A federação de médicos KNMG classificou o comportamento de 14 psiquiatras proeminentes que instaram o Ministério Público a tomar medidas no caso da eutanásia de uma menina de 17 anos de “indecente e inaceitável”.
O KNMG, que também arbitra em questões de ética, disse que os psiquiatras erraram ao enviar uma carta apelando a uma investigação criminal aos pais e aos médicos que trataram a menina.
Apelaram aos procuradores para descobrirem “até que ponto as pessoas próximas deste paciente vulnerável (…) influenciaram a decisão deste jovem paciente de escolher a eutanásia.
Os psiquiatras nunca falaram com a menina, nem com seus pais e médicos. “Esta ação pode não só prejudicar potencialmente os cuidadores e familiares, mas também minar a confiança do público na profissão”, disse o KNMG numa reação contundente.
O caso gira em torno de Milou, que sofria de depressão, ansiedade e pensamentos suicidas desde os 11 anos de idade após abuso sexual. Ela foi novamente abusada sexualmente em uma instituição por outro paciente.
Após anos de tratamento e várias tentativas de suicídio, ela optou pela eutanásia aos 17 anos, alegando sofrimento mental insuportável.
Procedimentos seguidos
O psiquiatra que aprovou sua decisão agiu de acordo com as diretrizes, concluiu a Regionale Toetsingscommissie Euthanasie.

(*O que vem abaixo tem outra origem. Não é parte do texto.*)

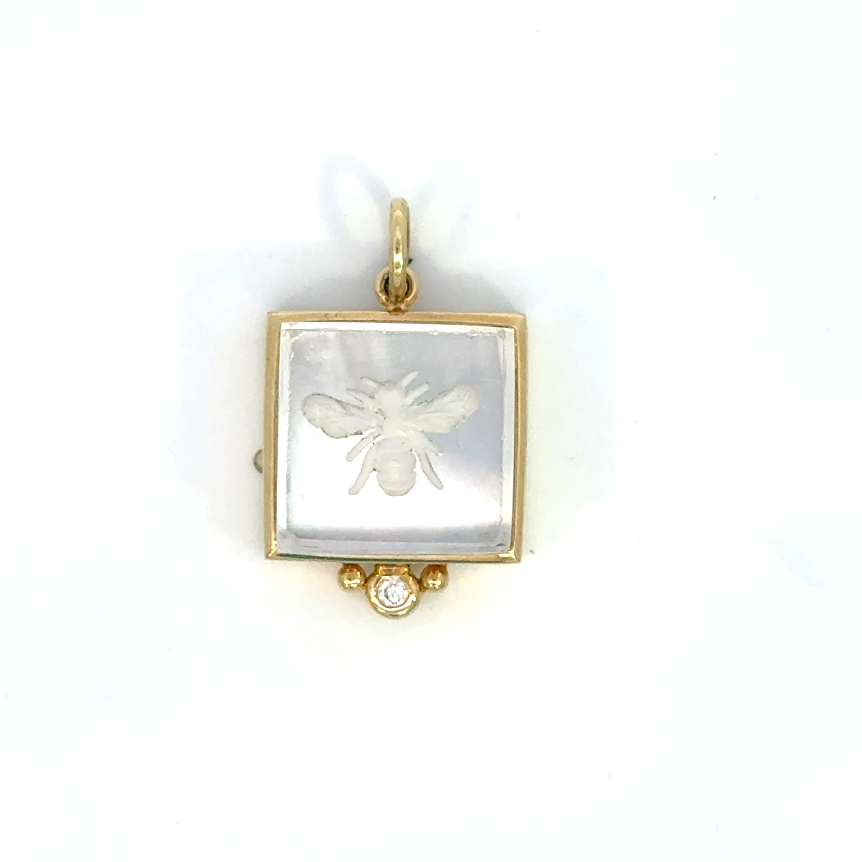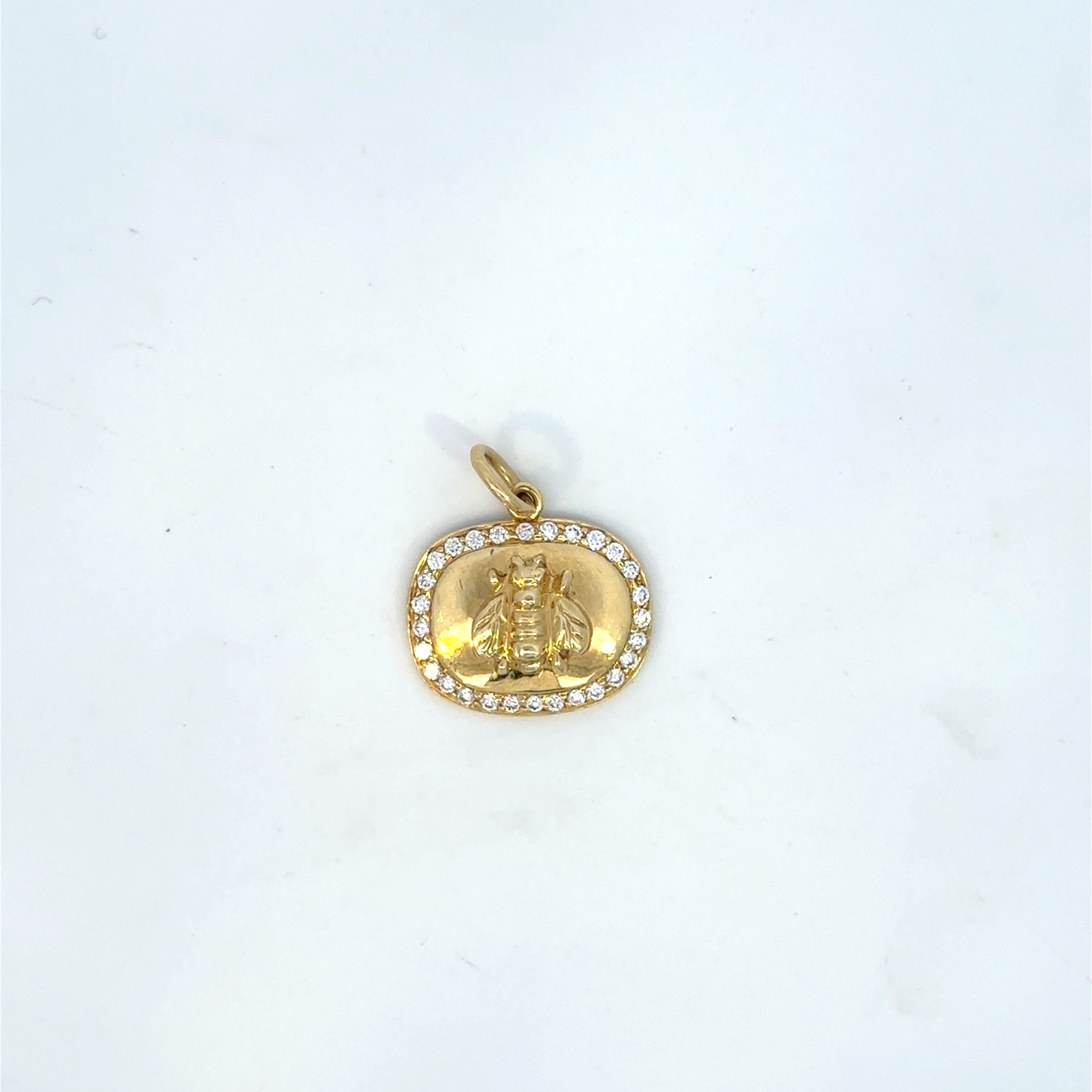 14k Yellow Gold Octagon Bee Medallion Pendant
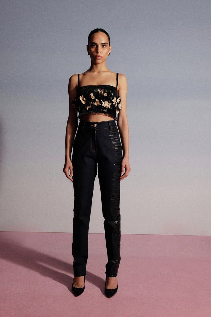| Featuring a crop top textured with glossy faux leatherline as well as mini fringes on the bottom along with sequin embroidered hand-crafted flowers sewn over them. |
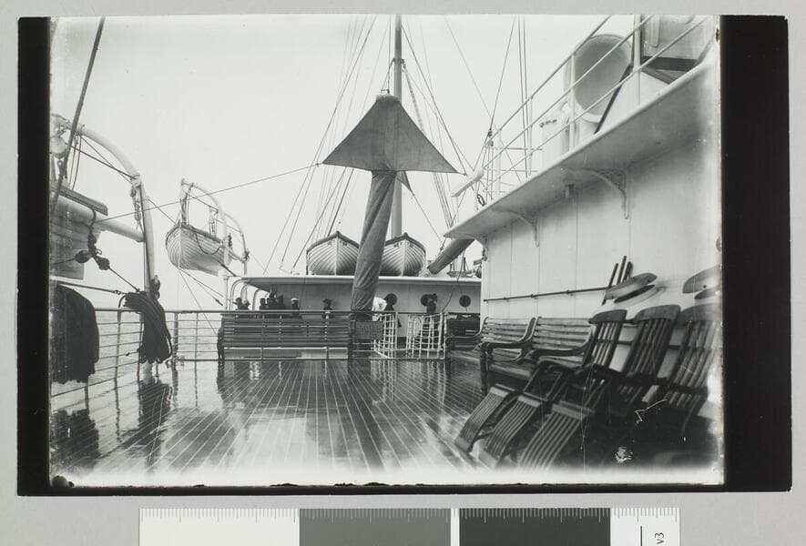 A row of people sit on deck chairs on the steam ship RMS Majestic.
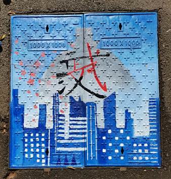 信息学部与樱花大道附近的井盖上。志愿者们分小组绘制,团结合作,经过一上午的努力,只见那原本覆盖着落叶与灰尘的井盖,变得丰富多彩起来,成为了校园里一道靓丽的风景线。

O comité analisa todos os procedimentos de eutanásia para garantir que os procedimentos corretos foram seguidos e reporta ao Ministério Público.
No entanto, psiquiatras proeminentes discordaram e escreveram ao Ministério Público, questionando o direito de um menor optar pela eutanásia e se é correcto presumir que o sofrimento mental não pode ser curado.

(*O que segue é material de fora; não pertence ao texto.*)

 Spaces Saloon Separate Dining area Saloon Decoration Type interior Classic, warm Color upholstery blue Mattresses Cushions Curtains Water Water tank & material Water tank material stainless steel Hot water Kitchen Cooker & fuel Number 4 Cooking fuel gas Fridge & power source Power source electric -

Na carta mencionam a “promoção generalizada da eutanásia” que, na sua opinião, poderia levar à “morte desnecessária” de pacientes jovens.
A discussão veemente que se seguiu nas redes sociais e nas cartas aos jornais faltou “respeito pelos pais e uns pelos outros”, disse o KNMG.
Num comunicado citado pelo Volkskrant, os pais de Milou saudaram a repreensão do KNMG e disseram que aguardam “um pedido de desculpas pessoal de todos os psiquiatras envolvidos e uma retificação oficial”.
O professor de psiquiatria Damiaan Denys, que assinou a carta ao Ministério Público, disse que a reacção do KNMG foi “desnecessária, imprudente e tardia”, mas admitiu que a carta pode não ter sido a melhor forma de chamar a atenção para “a facilidade com que a eutanásia é mencionado para jovens com problemas mentais”.